The speech synthesis and recognition laboratory was created in 1974 initially as a department of the Central Scientific-Research Institute of Communications (CSRIC), and since 1986 it is a laboratory of the Institute of Technical Cybernetics of NAS of Belarus.The laboratory focuses on the following research areas: the theory of speech recognition and synthesis and the development of human-machine systems on the basis of speech communication.
.
The main research fields of the laboratory include:
- High-quality text-to-speech synthesis;
- Computer-assisted personal voice cloning;
- Multilingual speech synthesis;
- Robust recognition of sequences of discrete and run-together words;
- Computer telephony integration;
- Computer-assisted rehabilitation systems for people who are deaf, hard of hearing or are visually impaired;
- Computational linguistics;
- Natural language processing;
- Text pre-processing.
Scientific approaches and research methodology
High-quality multilingual and multi-voiced text-to-speech synthesis is based on natural speech allophone elements usage (around 1000 allophones) and on high level of specified male and female voices’ imitation.
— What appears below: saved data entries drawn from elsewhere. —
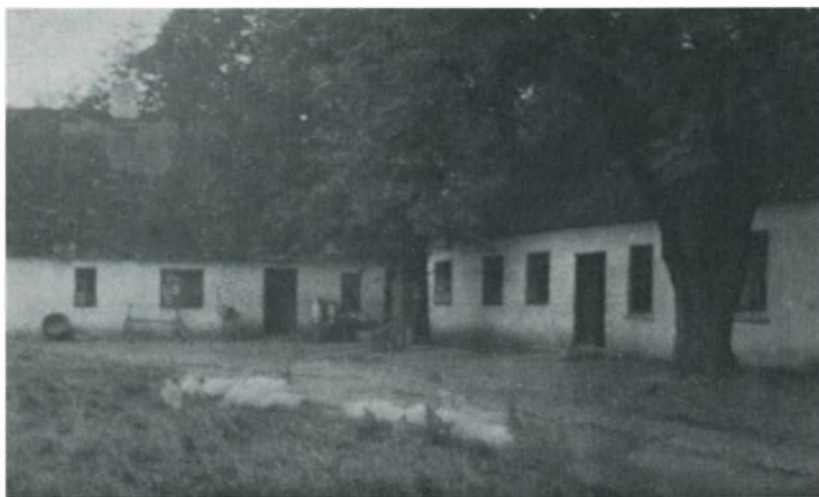
Ravnshø fattiggård. (Tidl. præstegård til Vester Nykirke og Fåborg). (Foto i Fåborg lokalhistoriske arkiv).

Efter 9 Dages Ophold paa Gaarden kom han, og dermed Forløsningen. Han havde skaffet mig en Plads, og der kunde jeg maaske blive altid, blot
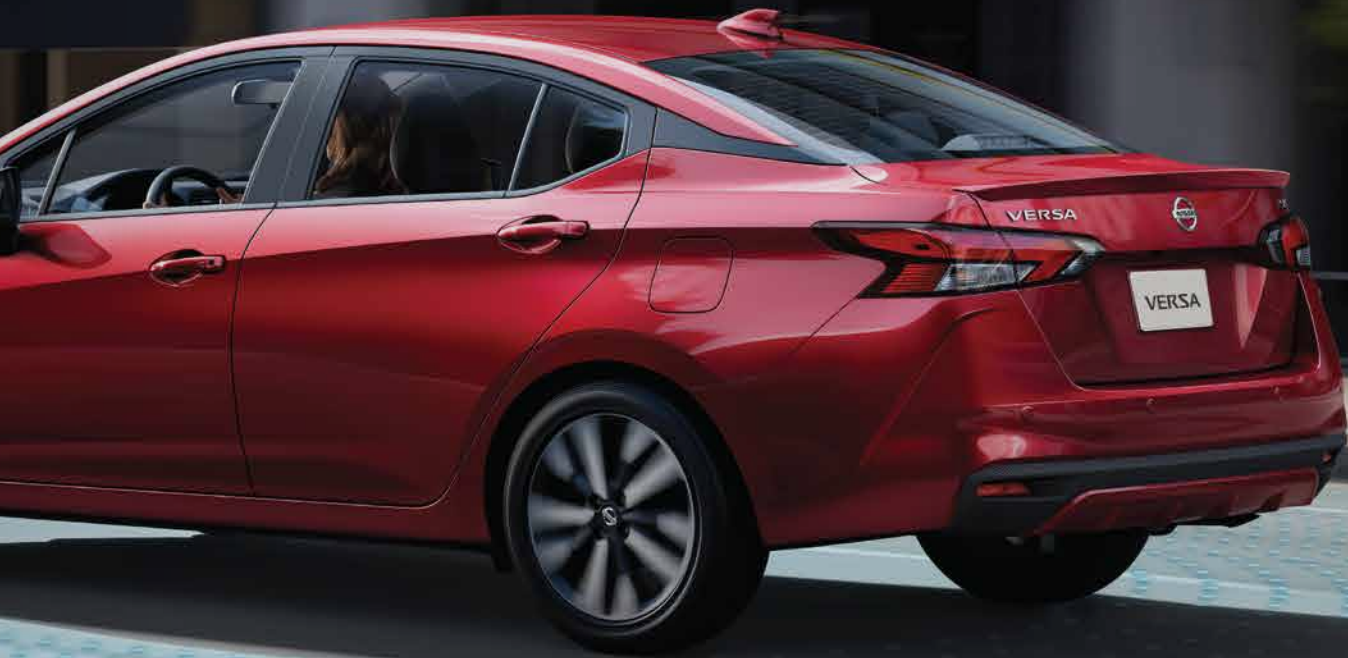
Imagen del vehículo corresponde a la versión Nissan Versa Advance y es referencial para uso publicitario, especificaciones y precios pueden variar sin previo aviso. Accesorios son opcionales y se facturan por separado. Aplican restricciones.
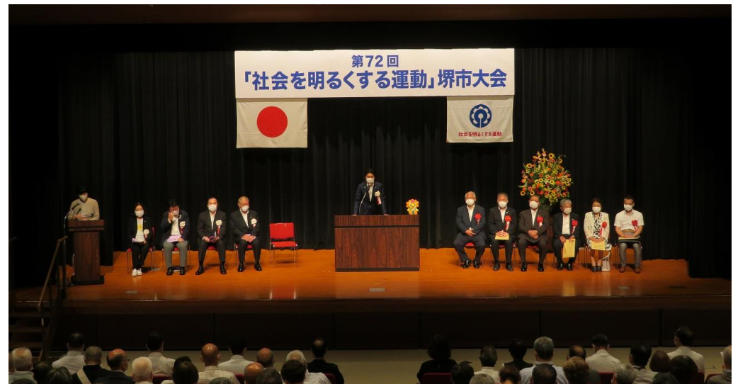
第72回「社会を明るくする運動」堺市大会 (令和4年7月4日@堺市総合福祉会館ホール)
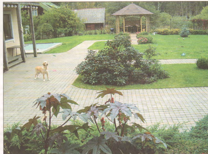
Didža Zariņa māja Bukultos.
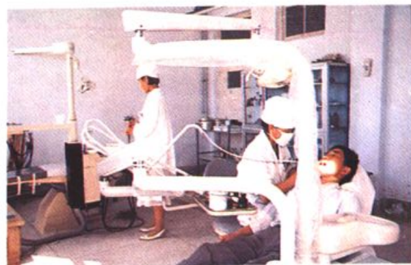
1993年12月,引进美国A-DEC公司产CASCAD E型牙科综合治疗机。
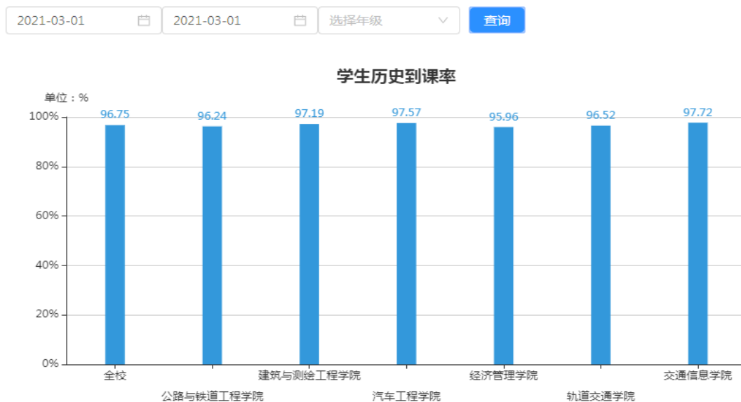
图 3 开学第一天学生到课情况截图

开学第一天，数字课堂手机端运行正常，师生使用该 APP 签到，进行实时考勤。管理端数据监控显示，学生实时到课情况较好，第一天学生平均到课率 96.75%，详见图 3。

The task of synthetic speech “personalization” (computer cloning) has been successfully solved by satisfying the following conditions:
-
Maximally accurate modelling of acoustic, phonetic and prosodic features of an individual person’s voice and speech;
-
The lowest level of distortion of compilation elements in the process of their recording, playing and prosodic modification;
-
The absence of any additional transformation of speech elements of PSOLA type (abbreviated from: Pitch Synchronous Overlap and Add) or FFT type (abbreviated from: Fast Fourier Transform).
In order to solve the problem of natural language texts’ pre-processing, the linguistic development environment called Nooj is used (http://www.nooj-association.org/). This software allows to develop syntactic and morphological grammars, or so called finite automaton, and to test them on a large number of texts. For that purpose, the Belarusian module for NooJ was developed, which includes several texts, demo-versions of grammars and a set of dictionaries (http://www.nooj4nlp.org/resources/be.zip).
Basic algorithms for speech recognition and making verbal decisions are implemented on the basis of dynamic matching of signals, which is a new method proposed by the laboratory and modified for word recognition in connected speech. The method allows to carry out dynamic alignment of the time scales of word reference description and its realization in a speech flow, with the beginning and the end of the undefined word.
The main advantage of this method is the ability to determine the probability of a word’s presence in the running speech flow and the assessment of this word’s time position in the presence of different acoustic disturbances.
The solution to the problem of robust speech recognition is based on the implementation of two basic approaches:
-
The application of currently-known techniques of robust estimation of statistical parameters for solving specific problems related to analysis, feature extraction, training and speech recognition;
-
The application of collective recognition methods, where the final decision is based on the results of the collective recognition of appropriate rules with a different set of speech signal characteristics.